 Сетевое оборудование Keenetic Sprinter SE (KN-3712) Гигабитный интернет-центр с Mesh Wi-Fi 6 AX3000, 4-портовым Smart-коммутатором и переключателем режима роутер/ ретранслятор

○ ○ ○ ○ ○

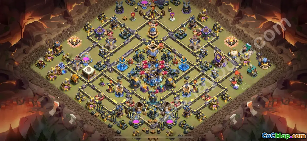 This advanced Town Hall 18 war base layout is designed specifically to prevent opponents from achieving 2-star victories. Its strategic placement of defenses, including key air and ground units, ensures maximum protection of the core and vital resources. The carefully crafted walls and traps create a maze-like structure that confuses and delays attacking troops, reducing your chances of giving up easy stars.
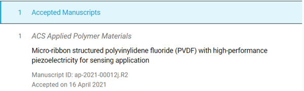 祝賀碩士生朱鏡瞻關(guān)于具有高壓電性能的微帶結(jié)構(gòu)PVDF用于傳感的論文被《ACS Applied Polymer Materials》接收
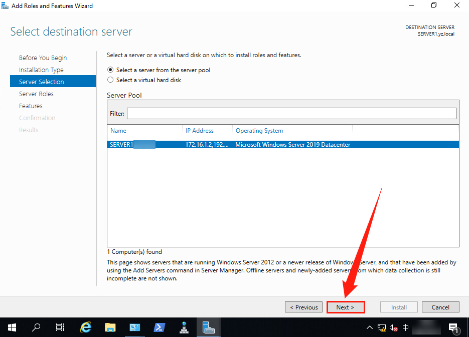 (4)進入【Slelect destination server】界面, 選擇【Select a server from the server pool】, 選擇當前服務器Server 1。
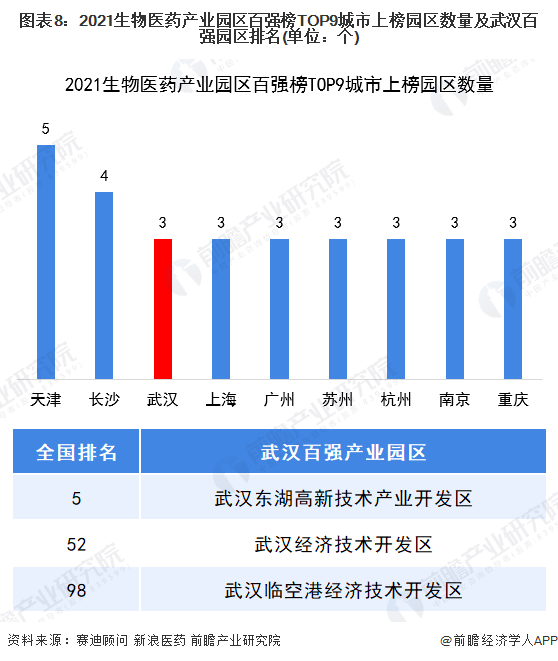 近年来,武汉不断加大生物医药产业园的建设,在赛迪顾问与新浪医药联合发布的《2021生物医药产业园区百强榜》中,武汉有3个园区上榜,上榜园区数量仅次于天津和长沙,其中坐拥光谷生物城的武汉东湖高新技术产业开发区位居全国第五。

○ ○ ○ ○ ○

Aim of the exercise
Above are the records; please give again, exactly and in full, only the lines that run from the line with "Applied Polymer Materials》接收" through the line with "近年来,武汉不断加大生物医药", with no pictures.

Written reply
 祝賀碩士生朱鏡瞻關(guān)于具有高壓電性能的微帶結(jié)構(gòu)PVDF用于傳感的論文被《ACS Applied Polymer Materials》接收
 (4)進入【Slelect destination server】界面, 選擇【Select a server from the server pool】, 選擇當前服務器Server 1。
 近年来,武汉不断加大生物医药产业园的建设,在赛迪顾问与新浪医药联合发布的《2021生物医药产业园区百强榜》中,武汉有3个园区上榜,上榜园区数量仅次于天津和长沙,其中坐拥光谷生物城的武汉东湖高新技术产业开发区位居全国第五。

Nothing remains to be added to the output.